Well what constitutes terrorism is a central issue in discussing the 'war on terror.' Don't you agree? And if you define 'legitimate' war as one devoid of terrorist tactics, terrorist tactics being defined as the targeting of civilians in order to change a government's policies then such wars as Vietnam, the Korean war, WWII, WWI were all legitimate wars because while civilians were targeted in these wars, the goal of the aggressive nation, namely the US, was never to change the policies of the governments they were attacking but to destroy that form of government. 







> If neo-conservatives are not pragmatists, then why did they make the closer to pragmatic decision to attack Iraq instead of Saudi Arabia which would be much more in line with their stated goals which you seem to think that we can take at face value?



It wasn't a 'pragmatic' decision to attack Iraq. It was an ideological one. The United States believed that Al Qaeda resided in Iraq and such a residency would equate to a destabilizing nature in the region. This instability would infect surrounding nations thus compromising American global hegemony especially in an area that is an economic power house in the form of crude oil. Pragmatism preaches that something is only true if it can be satisfactorily applied. It was never a question of whether it would work or if it wouldn't work, it was demanded by the intellectual framework behind the Neo Conservative ideology. Think of it in this fashion. If we were to magically time travel back to the early 2000's and told the government that they would waste billions of dollars on the invasion and reconstruction of Iraq, they would kill thousands of Iraqis and US service men and they would put more effort into rebuilding Iraq then we would get out of it, do you think that making such statements to Congress would of prevented them from engaging in war? A pragmatist would say that we are taken on more faults then we are shrugging off. Why take up such an increased burden?





> To remind you, this whole thing started because I said that their actions clearly indicate disingenuity on their part. You asked me for one example of where their actions did not match their stated goals. Out of a hat, I picked their decisions to stay cozied up to Saudi Arabia.   You claim that that is not a practical example because they are our largest supplier of oil. Why didn't we start buying Iraqi oil again? Everybody and their dog knew that a secular state where women were allowed to wear mini-skirts in public was not associated with Al Qaeda. Why didn't we start buying our oil from them and take out the Saudi princes which everybody and their dog knows _is_ allied with Al Qaeda?



I claimed that it was believe that Al Qaeda was in Iraq and since Iraq already had military and economic sanctions, had a dictator who was thought to be, both in past and present tense, destabilizing the region. I would also ask where you got your information on Saudi PRINCES supporting Al Qaeda. 

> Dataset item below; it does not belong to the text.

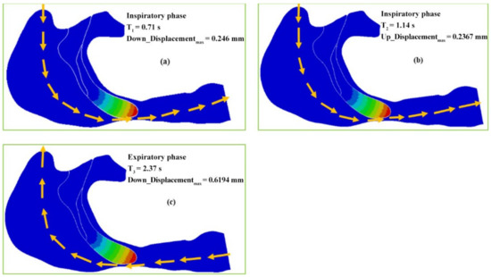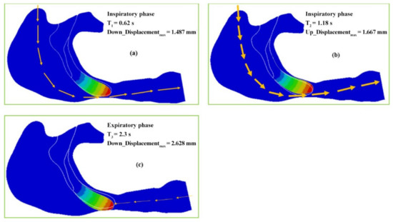 In Figure 8, the airflow is indicated by arrows. The arrows with thicker lines denote a better ventilation and a patent airway, and the arrows with thinner lines denote a lower ventilation and a narrower airway. The original position of the soft palate profile before a new cycle of respiration begins is plotted with a white line for the patient who is sleeping in a supine position under eupnea. Figure 8a shows that when T1 = 0.62 s, the soft palate moves to the posterior wall of the pharynx with a displacement of 1.487 mm, narrowing the airway and causing difficult passage of airflow during the inspiration phase. The impact of airflow is prone to cause vibrations of the soft palate and then the patient snores. Figure 8b shows that when T2 = 1.18 s, the soft palate moves to the anterior wall of the pharynx with a displacement of 1.667 mm. The airway reopens and the airflow can easily pass through the airway during the inspiration phase. Figure 8c shows that T3 = 2.3 s, the soft palate moves to the posterior wall of the pharynx with a maximum displacement of 2.628 mm during the expiration phase. The airway is stenosed and the airflow cannot pass with ease.

Al Qaeda threatens to kidnap Saudi royals: TV | Reuters
Al-Qaeda claims Saudi prince attack - Middle East - Al Jazeera English

Before you were saying 'Saudi Arabia' supports Al Qaeda to which I would agree, there are people in Saudi Arabia who support Al Qaeda but now you are claiming it is the princes.

----------


## Universal Mind

Okay, how about now? Is the killing over? If not, are people killing U.S. troops and Iraqi innocents still deserving of the label "freedom fighters?"

----------


## DeletePlease

So Obama won re-election. I'm glad Romney was kept out of office but I'm not too fond of Obama either. This is a post I made a while back on another forum that sort of summed up how I felt about the guy but looking back at it now, some of those points look like they might be off. For those of you who are more knowledgeable when it comes to the American system, mind fact checking/correcting and letting me know if my distrust for Obama is justified?

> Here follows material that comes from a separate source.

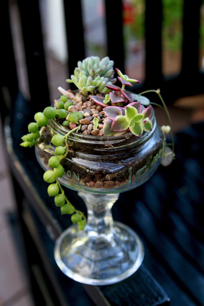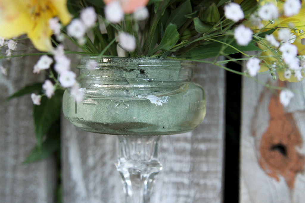 Walking through a vintage shop in Healdsburg I spotted a shallow Mason jar on a pedestal…it was labeled a “Red Neck” wine glass and was marked $8.00. I thought it looked more like a vase or a planter and I was certain I could make it for less.

> He's closing down legitimately licensed dispensaries left and right - depriving suffering/dying patients of their medicine. Yet he's always paying lip service to the marijuana users, trying harder than any other president before him to make it look like he's "pot friendly"... even though Obama has amped up the drug war even more-so than Bush. 
> 
>  Americans have no rights whatsoever. None. At all. Because of the Obama administration, "possible terrorists" can be arrested and detained indefinitely without any trial. You can be stripped of every "legal right" you thought you had, and thrown in a cell without ever going to court or being proven guilty. Just sit there and rot. 
> 
> And "possible terrorist" doesn't mean someone who builds bombs for fun. Anyone who pays with cash, owns firearms, or even has 7 days worth if food in their house is technically a "possible terrorist." 
> 
> And internet censorship? The Obama administration is fighting tooth and nail for that. Bill after bill after bill, each one proposed in hopes of being able to censor the internet. This is the only place left where freedom of speech truly exists, it's the only way for us to get the real facts since the mainstream media is constantly putting a spin on major stories, sometimes ignoring them altogether. Censor the internet, and you effectively bar the public of finding out the truth. Just look at how hard they're going after WikiLeaks - simply because it shows people just how corrupt the system really is.

----------


## Descensus

> So Obama won re-election. I'm glad Romney was kept out of office but I'm not too fond of Obama either. This is a post I made a while back on another forum that sort of summed up how I felt about the guy but looking back at it now, some of those points look like they might be off. For those of you who are more knowledgeable when it comes to the American system, mind fact checking/correcting and letting me know if my distrust for Obama is justified?He's closing down legitimately licensed dispensaries left and right - depriving suffering/dying patients of their medicine. Yet he's always paying lip service to the marijuana users, trying harder than any other president before him to make it look like he's "pot friendly"... even though Obama has amped up the drug war even more-so than Bush.
> 
> Americans have no rights whatsoever. None. At all. Because of the Obama administration, "possible terrorists" can be arrested and detained indefinitely without any trial. You can be stripped of every "legal right" you thought you had, and thrown in a cell without ever going to court or being proven guilty. Just sit there and rot.
> 
> And "possible terrorist" doesn't mean someone who builds bombs for fun. *Anyone who pays with cash, owns firearms, or even has 7 days worth if food in their house is technically a "possible terrorist."*
> 
> And internet censorship? The Obama administration is fighting tooth and nail for that. Bill after bill after bill, each one proposed in hopes of being able to censor the internet. This is the only place left where freedom of speech truly exists, it's the only way for us to get the real facts since the mainstream media is constantly putting a spin on major stories, sometimes ignoring them altogether. Censor the internet, and you effectively bar the public of finding out the truth. Just look at how hard they're going after WikiLeaks - simply because it shows people just how corrupt the system really is.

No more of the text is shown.